The refresh_interval parameter in Elasticsearch index settings (index.refresh_interval
) controls how frequently the index is refreshed, making newly indexed documents available for search. This parameter directly impacts the trade-off between indexing throughput and near real-time search visibility.
Default value: “1s” (1 second)
Possible values: Time value (e.g., “1s”, “30s”, “5m”) or “-1” to disable automatic refreshing
Recommendations: Adjust based on your specific use case and requirements for search latency vs. indexing performance
Note that some parameters are optional and can be omitted depending on your requirements.

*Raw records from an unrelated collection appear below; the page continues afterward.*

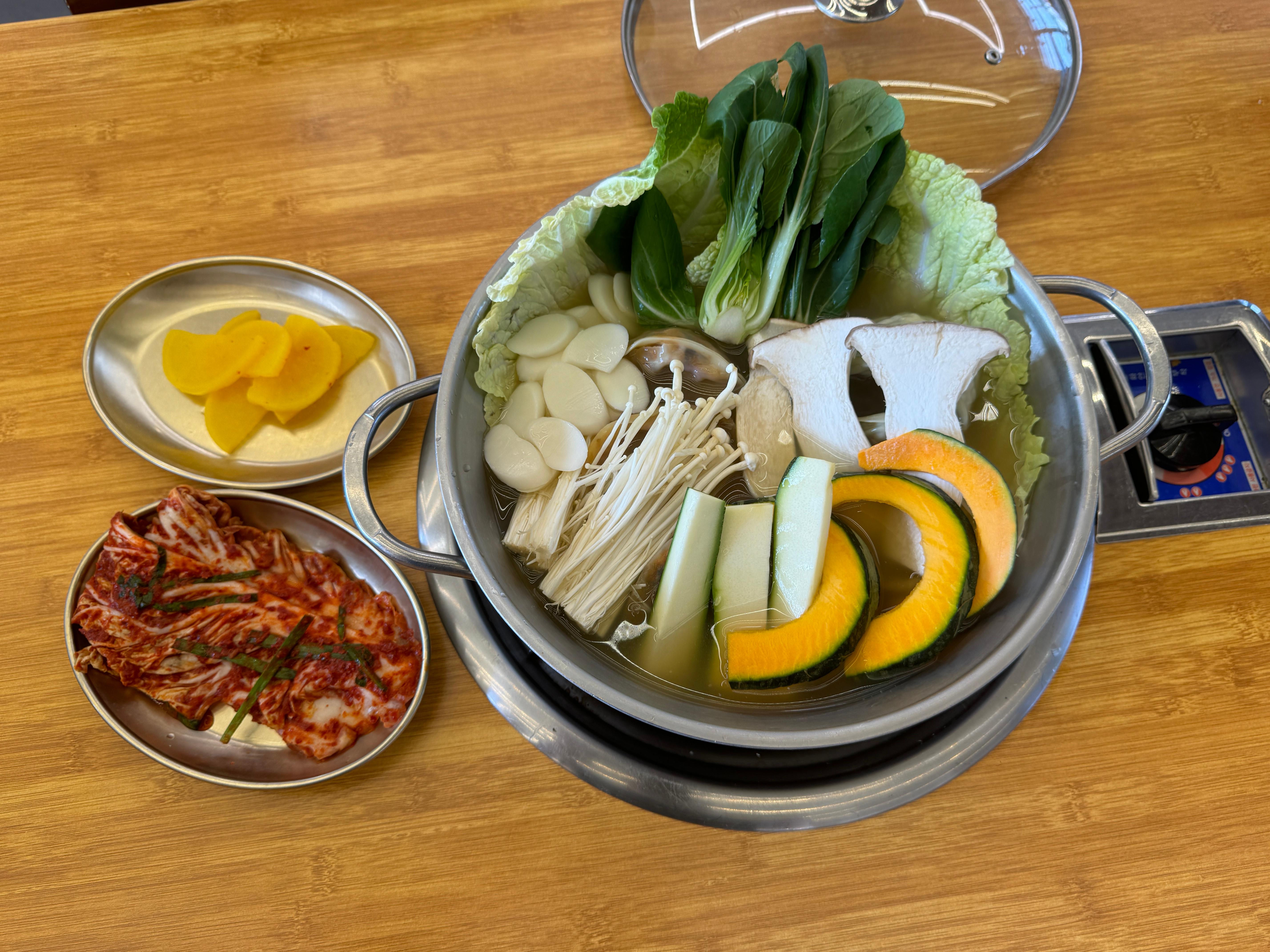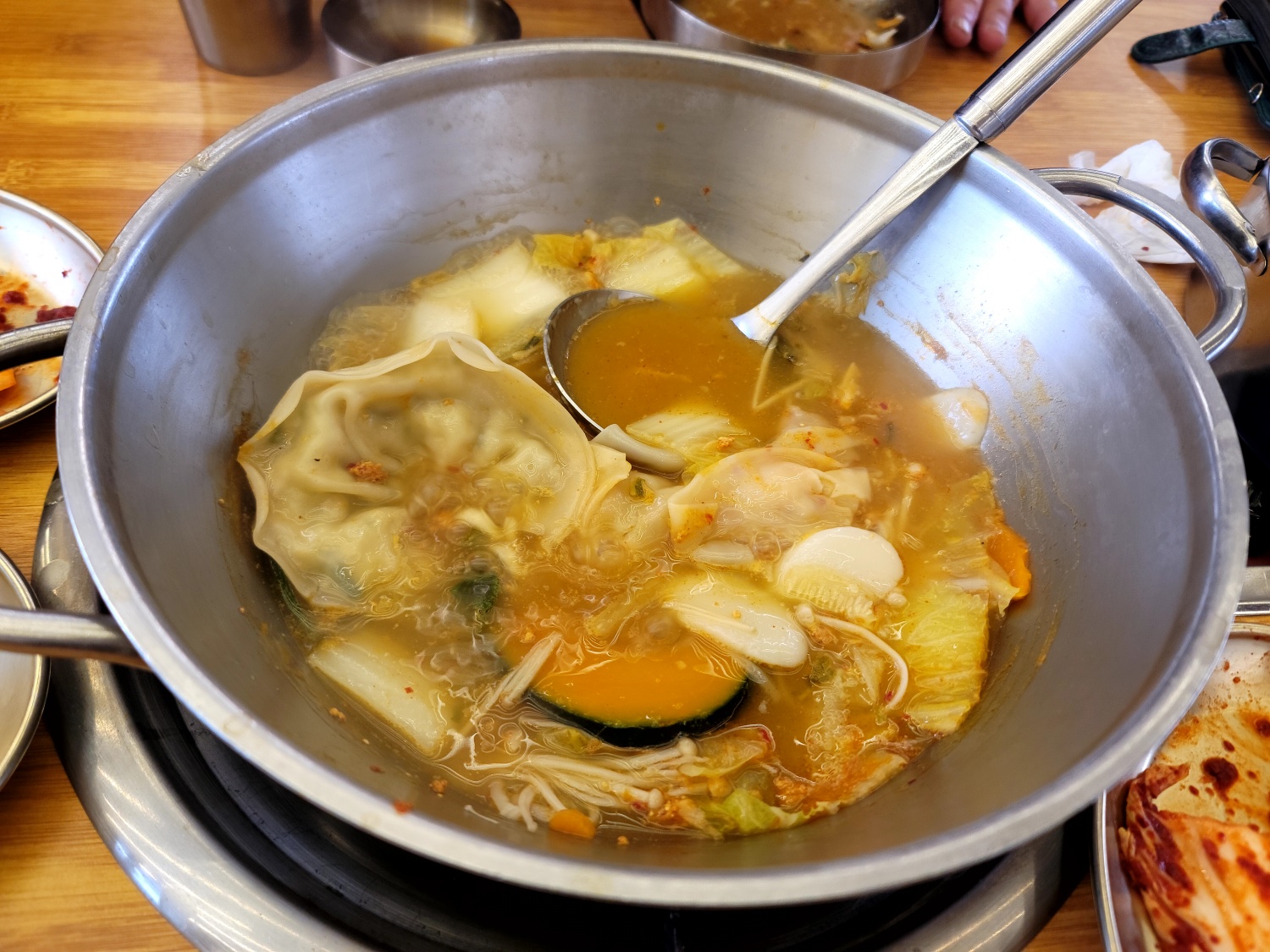 밑반찬과 만두전골 육수는 셀프바에서 리필 가능해요.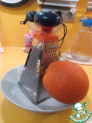 Пока ягодки стояли я приготовила апельсин. Помыла его как следует, натерла цедру, дольки апельсина (без белой прослойки) нарезала кусочками.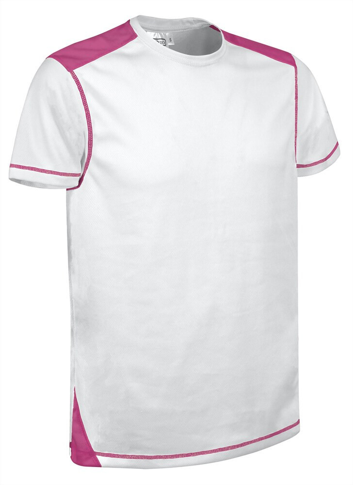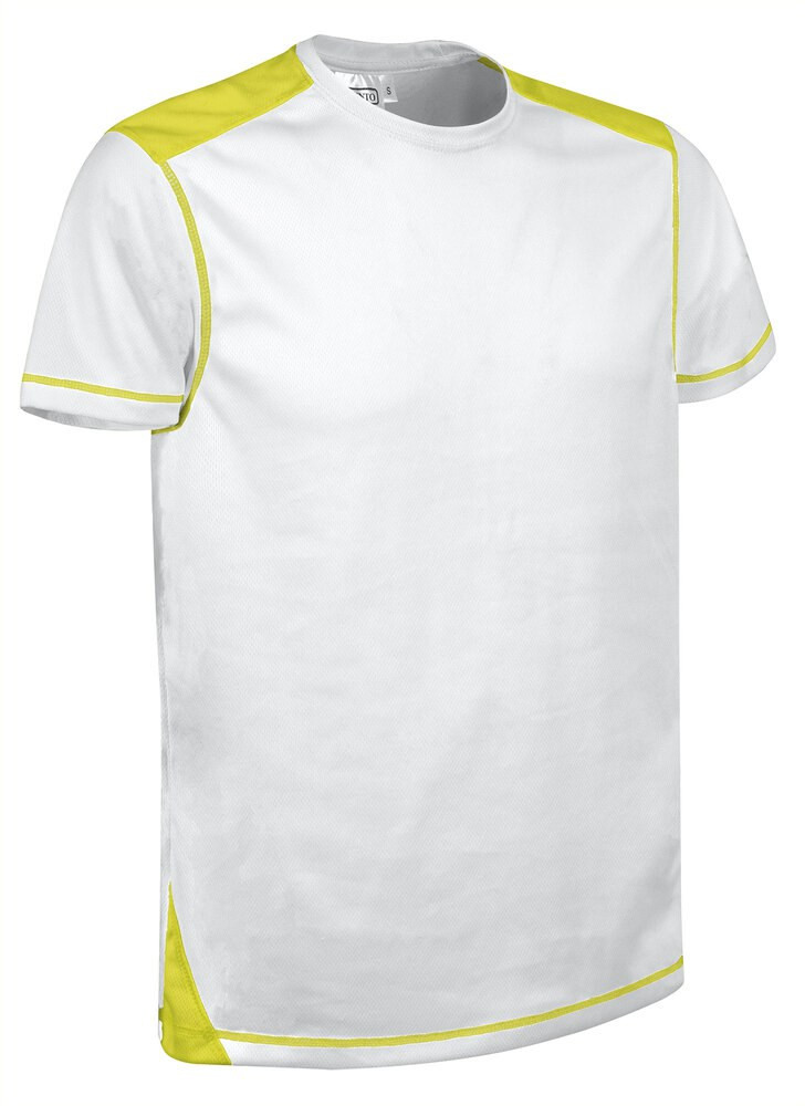 Two-Tone Short Sleeve Crewneck Sports T-shirt. Made of Bird-Eye breathable technical fabric, that promotes sweat wicking and quick-drying, ensuring optimal comfort. Contrasting colour in side bands, seams and shoulders, easily combinable with other sports garments. Flat seams on shoulders and armholes for reduced friction and enhanced comfort. Suitable marking methods: sublimation on white, screen printing, embroidery, transfer printing, vinyl application. Ideal as sportswear and workout activities.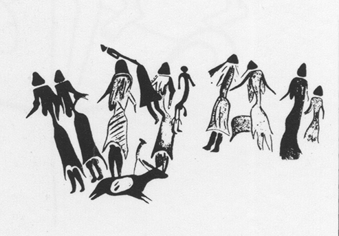 En trumma börjar, mjukt, jämt och så kommer en trumma till, också den mjuk, synkoperad med den första trumman. Så känner flickan jorden vibrera. Människorna formar dansande två svajande, vajande led. Det går så snabbt att flickan knappt uppfattar det. Plötsligt befinner sig hon och några småungar ensamma i mitten av dessa led. Tomrummet känns gigantiskt och hon känner sig pinsam. Tveksamt blir hon bara stående tills en kvinna fångar hennes blick och vinkar åt henne att komma. Brevid kvinnan, inne i ledet känns det bra igen.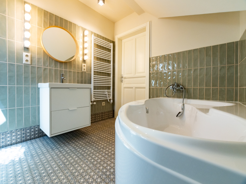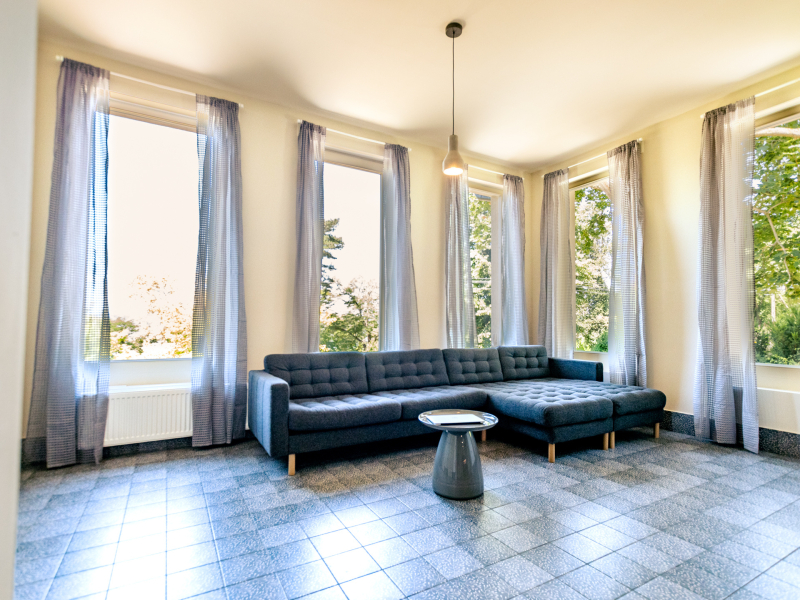 A belső terek kialakításánál a természetes anyagok és a prémium burkolatok dominálnak: a hajópadló lépésálló szigeteléssel készült, megfelelve a mai építési szabványoknak, a nappaliban és az étkezőben pedig stílusos spanyol cementlapok teszik különlegessé az enteriőrt.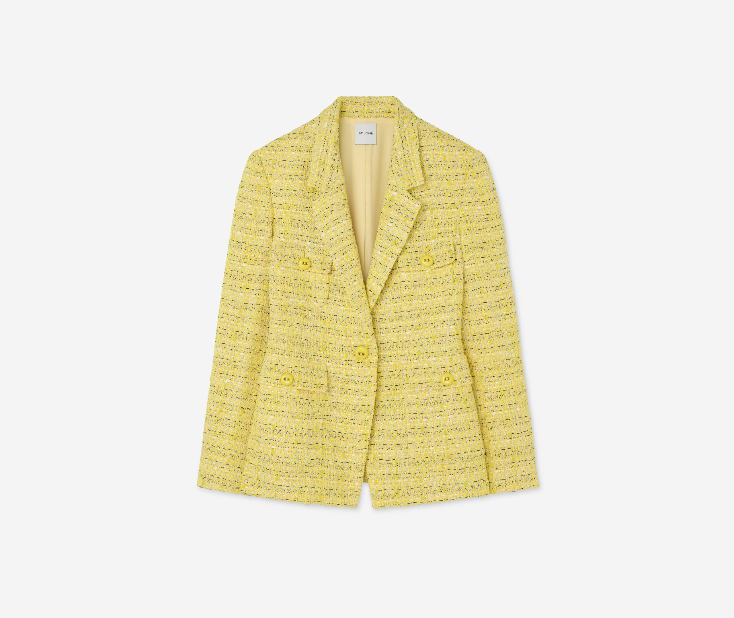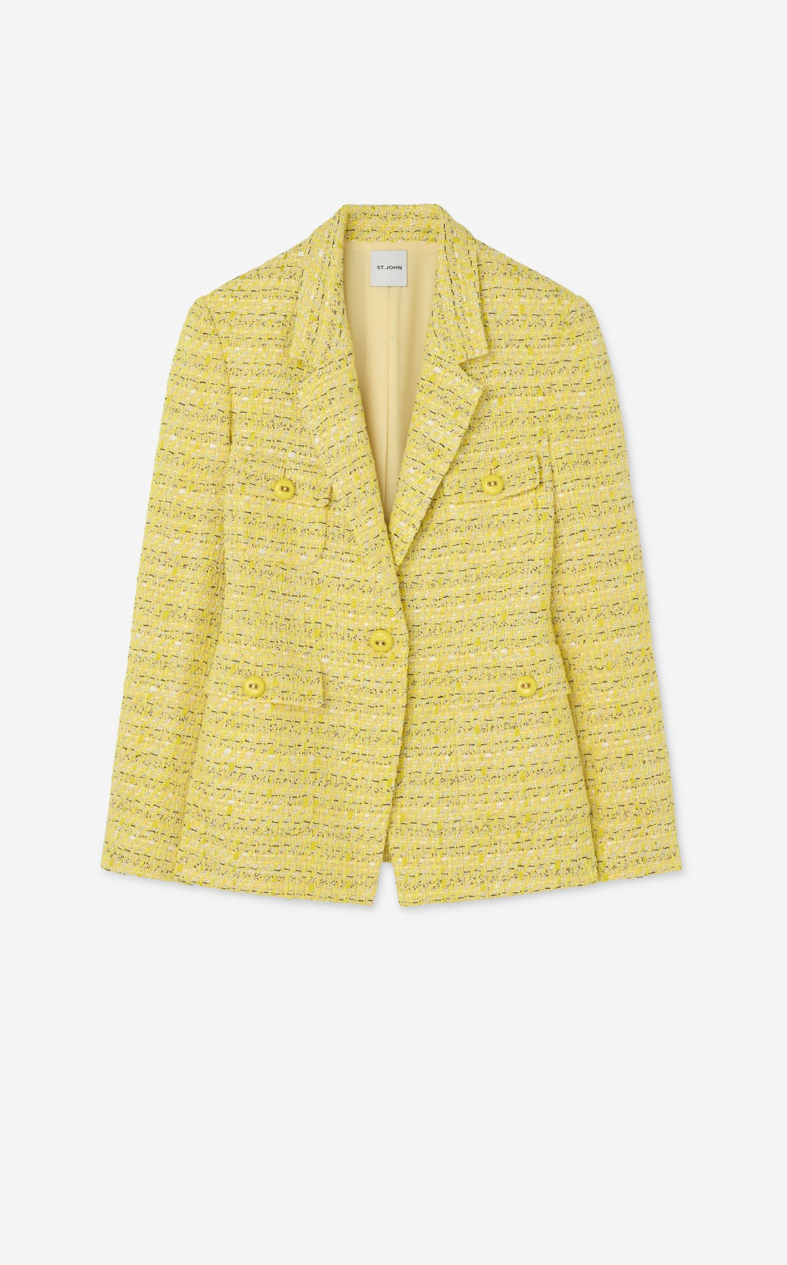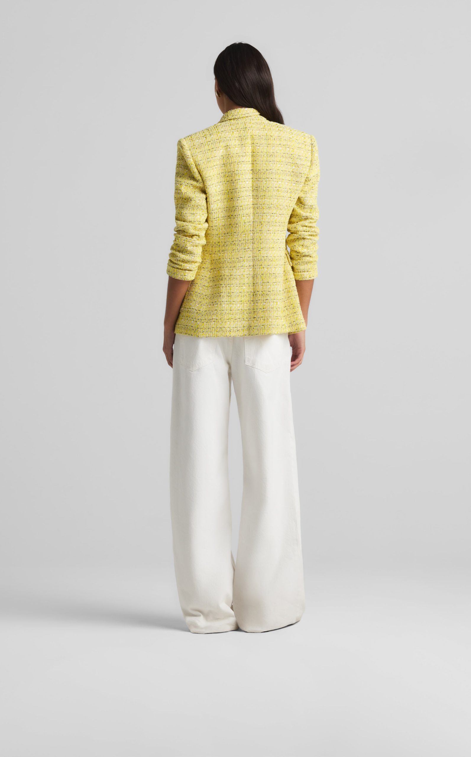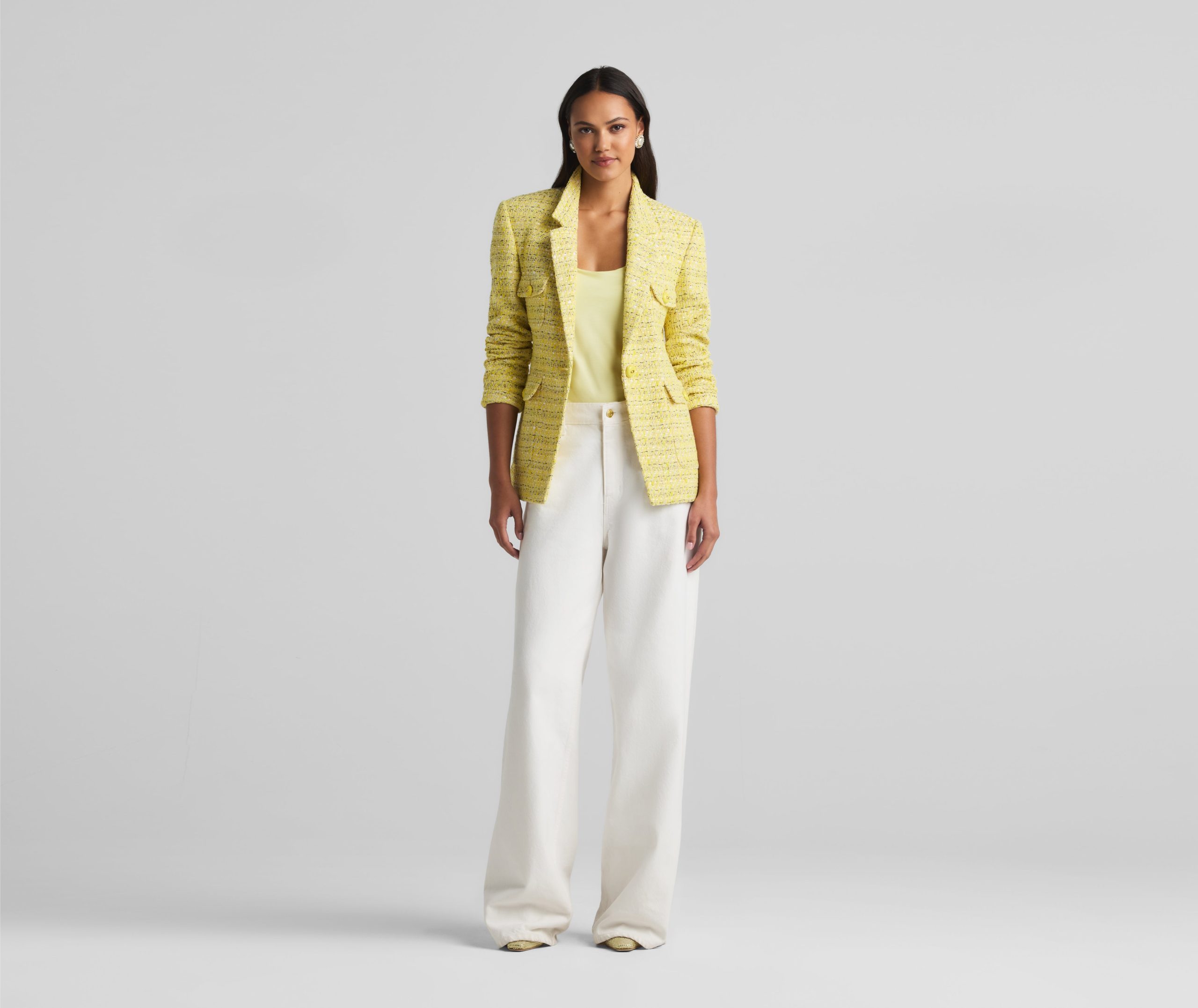 Multicolored threads blend in this lightweight lurex tweed jacket, infusing the knit with varying hues in a notch collar style with flap pockets.All Sales are Final. No Returns or Exchanges.

The refresh operation in Elasticsearch makes recent changes to the index visible to search. While a shorter refresh interval provides more up-to-date search results, it can impact indexing performance due to the overhead of frequent refreshes.
Example:
To change the refresh interval to 30 seconds for an index named “my_index”:
POST /my_index/_settings
{
"index" : {
"refresh_interval" : "30s"
}
}
Note: You can temporarily reduce the refresh interval to increase indexing speed during bulk operations, but frequent refreshes are resource intensive and can negatively affect cluster performance.
This change might be desirable in scenarios where you prioritize indexing throughput over immediate search visibility, such as bulk indexing operations or log ingestion. In these cases, data is first stored in a buffer in memory before being written to a new segment during a refresh. Each refresh operation creates a new segment, and the refresh is only complete when the segment is written to disk.
You can manually trigger a refresh using the refresh API by sending a POST request to the index endpoint. This request will process the refresh and make recent changes searchable immediately.
Note: Frequent manual refreshes can negatively impact cluster performance.
The Refresh Operation
The refresh operation is a fundamental process in both Elasticsearch and OpenSearch that ensures newly indexed data becomes visible to search requests. When documents are added or updated in an index, they are not immediately available for search; instead, they reside in memory until a refresh operation occurs. This operation takes the in-memory data and makes it searchable by creating new segments on disk, effectively updating the index so that recent changes are reflected in search results.
By default, the refresh operation is triggered automatically at intervals defined by the refresh interval setting in the index settings. This means that after each refresh interval, any data indexed since the last refresh becomes available for search. The refresh interval can be configured to suit different use cases, allowing you to balance the need for up-to-date search results with indexing performance. Whether you are working with Elasticsearch or OpenSearch, understanding and tuning the refresh operation through index settings is key to optimizing both data visibility and system efficiency.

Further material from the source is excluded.